An exact copy is the goal: every line from the one containing "Корпус холодильника изготовлен" to the end of the material below, pictures excluded.

━━━ Given information

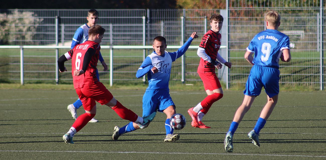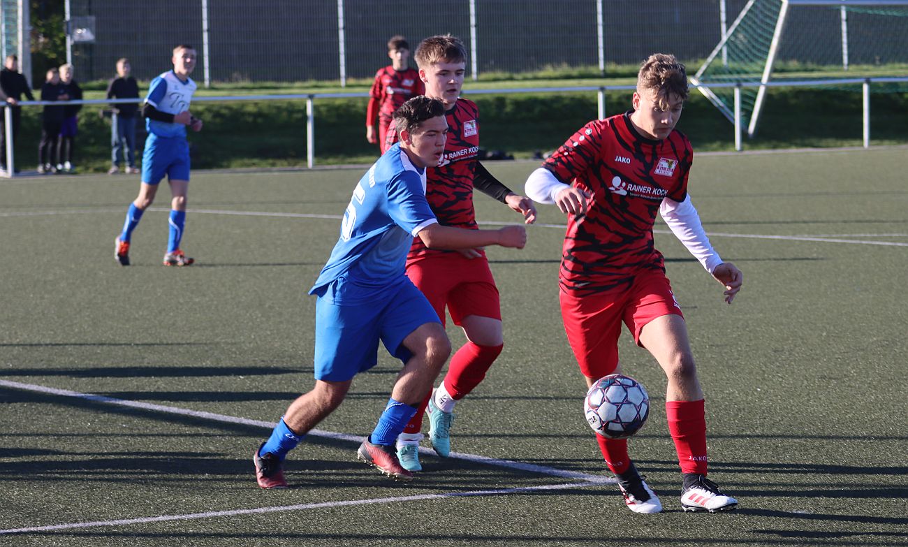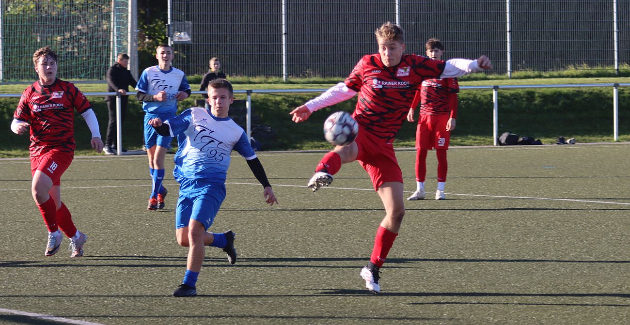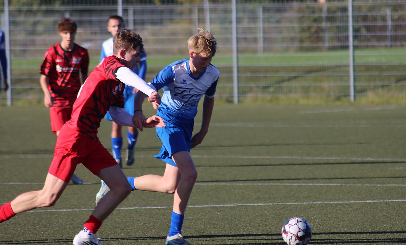 „Hut ab vor den elf Jungs, die heute auf dem Platz standen und diese starke Leistung gezeigt haben. Ohne Auswechselspieler haben sie alles gegeben, sich in jeden Zweikampf geworfen und bis zum Schluss gefightet“, lobte das Trainerduo Jan Winter und Maik Hoffmann nach dem Abpfiff. Dabei begann die Partie für unsere Nachwuchs-Kicker denkbar ungünstig: Bereits in der zweiten Spielminute gerieten sie aus stark abseitsverdächtiger Position mit 0:1 in Rückstand. Nach dem frühen Schock fanden sie jedoch immer besser ins Spiel, standen defensiv kompakt und setzten auch offensiv einige gute Akzente – der Ausgleich wollte bis zur Pause aber noch nicht fallen. Nach dem Seitenwechsel entwickelte sich ein ausgeglichenes Spiel, in dem die Gäste zunächst erneut zuschlugen und in der 57. Minute auf 0:2 erhöhten. Doch unsere Jungs zeigten Charakter. Kapitän John Brasch brachte sein Team in der 64. Minute mit einem direkt verwandelten Freistoß aus rund 30 Metern zurück ins Spiel. Nur zwei Minuten später übernahm er erneut Verantwortung und verwandelte einen fälligen Handelfmeter sicher zum 2:2-Ausgleich.
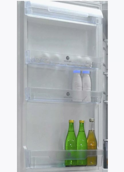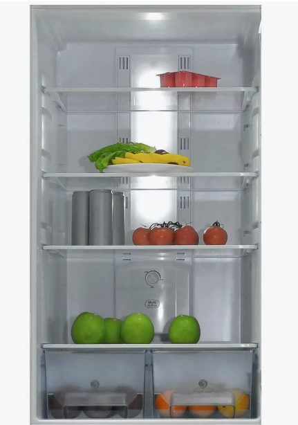 Корпус холодильника изготовлен из окрашенного металла и установлен на регулируемые по высоте ножки. В верхнем холодильном отделении расположены 4 стеклянные полки и 2 прозрачных пластиковых контейнера для овощей и фруктов. Нижнее морозильное отделение оснащено 4 вместительными пластиковыми корзинами, одна из которых имеет уменьшенный объем, а другая – увеличенный (Big box). Двери морозильной и холодильной камер оборудованы правыми петлями и интегрированными в торцы ручками. В двери холодильной камеры размещены 4 съемные полки-барьеры.
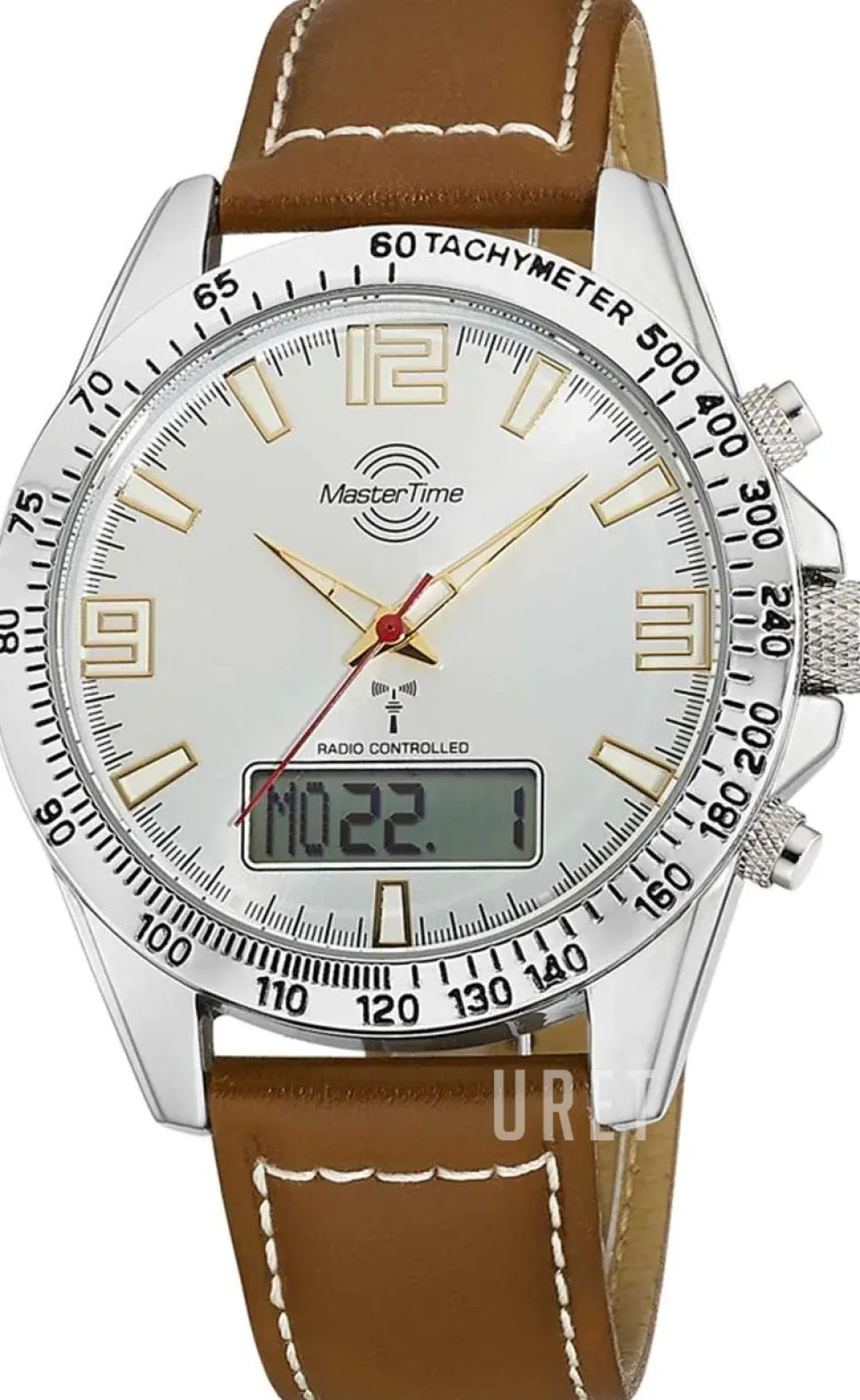 | Urtavla: | Silverfärgad digital med självlysande markeringar arabiska siffror och indexmarkeringar, självlysande visare |
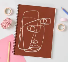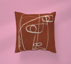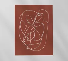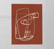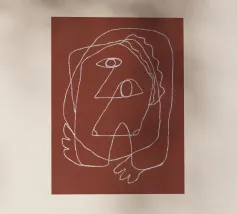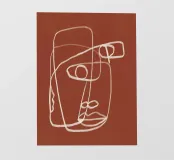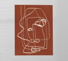 Una linea bianca continua crea un volto astratto su uno sfondo marrone rossastro. Le linee sono morbide e si sovrappongono, dando l'impressione di semplicità e complessità.

━━━━━━

## Response area
 Корпус холодильника изготовлен из окрашенного металла и установлен на регулируемые по высоте ножки. В верхнем холодильном отделении расположены 4 стеклянные полки и 2 прозрачных пластиковых контейнера для овощей и фруктов. Нижнее морозильное отделение оснащено 4 вместительными пластиковыми корзинами, одна из которых имеет уменьшенный объем, а другая – увеличенный (Big box). Двери морозильной и холодильной камер оборудованы правыми петлями и интегрированными в торцы ручками. В двери холодильной камеры размещены 4 съемные полки-барьеры.
 | Urtavla: | Silverfärgad digital med självlysande markeringar arabiska siffror och indexmarkeringar, självlysande visare |
 Una linea bianca continua crea un volto astratto su uno sfondo marrone rossastro. Le linee sono morbide e si sovrappongono, dando l'impressione di semplicità e complessità.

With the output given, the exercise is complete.